▶ [EXERCISE]
Aside from the pictures, copy the listing exactly.

▶ [DATA BELOW]
'''

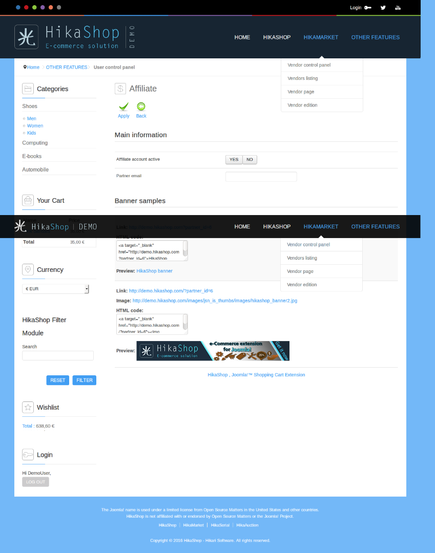 You get the statistics on your website affiliate program page because your account is an affiliate (which is not the case on the demo website).
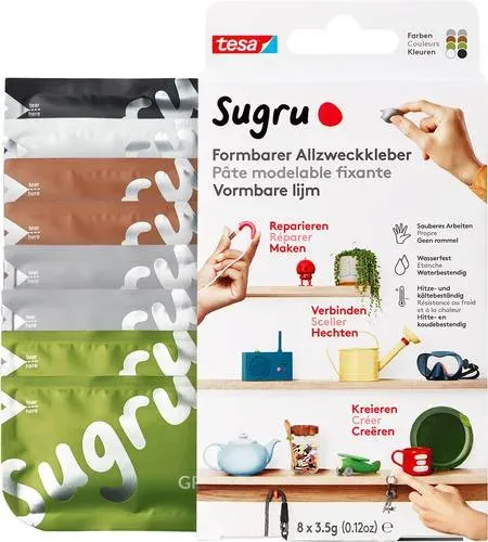 Zustand: Neu - 3,51 € / Stück - Universalkleber - sugru tesa - Moldable Glue I000941 - EAN: 4063565057892 - Der knetbare Alleskleber, mit dem Ihr Heim noch schöner und individueller wird: Dekorieren, Upcyclen, Kleben und vieles mehr - die Reparaturknete wird einfach mit den Fingern nach Bedarf geformt Nutzen Sie den 'Faktor Farbe': Zum Reparieren von Geschirr aus Porzellan, Glas und Keramik, zum Fixieren von Dekoration, als Bastelkleber oder zum kreativen instand setzen defekter Gegenstände Daten werden abgerufen. Warten Sie ein paar Sekunden, und versuchen Sie noch mal, auszuschneiden oder zu kopieren. Leistungsstark und universal - Indoor und Outdoor nutzbar: Hält bis zu 2 kg Belastung - wasserfest sowie UV- und temperaturbeständig, spülmaschinenfest - Ideal für Anwendungen in Haus und Garten Für viele Materialien wie Glas, Keramik, Holz, Metall und Kunststoffe geeignet - einfache Anwendung: bis zu 30 Minuten die Klebeknete nach Bedarf formen - nach dem Fixieren 24 Stunden aushärten lassen - Verkäufer: vavado im amazon.de Marketplace ![]() ![]() Sugru by - Tesa formbarer eBay Kleber x 3er-Pack - langes Datum - bestes Preis-Leistungs-Verhältnis ³schwarz/weiss/grau
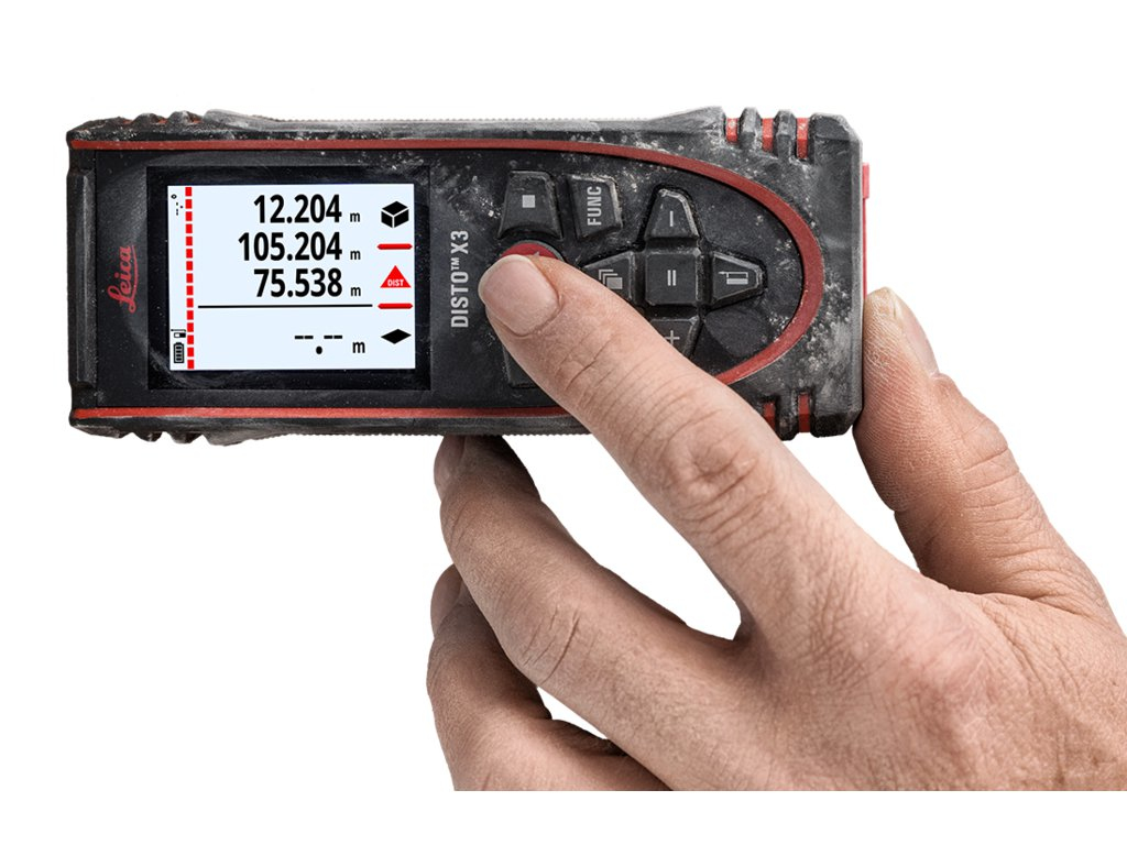 The Leica DISTO™ X3 is perfect for tough construction site conditions. It is drop-tested up to 2 m in height, water jet and dust protected to IP 65 standards.

'''

▶ [RESPONSE]
 You get the statistics on your website affiliate program page because your account is an affiliate (which is not the case on the demo website).
 Zustand: Neu - 3,51 € / Stück - Universalkleber - sugru tesa - Moldable Glue I000941 - EAN: 4063565057892 - Der knetbare Alleskleber, mit dem Ihr Heim noch schöner und individueller wird: Dekorieren, Upcyclen, Kleben und vieles mehr - die Reparaturknete wird einfach mit den Fingern nach Bedarf geformt Nutzen Sie den 'Faktor Farbe': Zum Reparieren von Geschirr aus Porzellan, Glas und Keramik, zum Fixieren von Dekoration, als Bastelkleber oder zum kreativen instand setzen defekter Gegenstände Daten werden abgerufen. Warten Sie ein paar Sekunden, und versuchen Sie noch mal, auszuschneiden oder zu kopieren. Leistungsstark und universal - Indoor und Outdoor nutzbar: Hält bis zu 2 kg Belastung - wasserfest sowie UV- und temperaturbeständig, spülmaschinenfest - Ideal für Anwendungen in Haus und Garten Für viele Materialien wie Glas, Keramik, Holz, Metall und Kunststoffe geeignet - einfache Anwendung: bis zu 30 Minuten die Klebeknete nach Bedarf formen - nach dem Fixieren 24 Stunden aushärten lassen - Verkäufer: vavado im amazon.de Marketplace ![]() ![]() Sugru by - Tesa formbarer eBay Kleber x 3er-Pack - langes Datum - bestes Preis-Leistungs-Verhältnis ³schwarz/weiss/grau
 The Leica DISTO™ X3 is perfect for tough construction site conditions. It is drop-tested up to 2 m in height, water jet and dust protected to IP 65 standards.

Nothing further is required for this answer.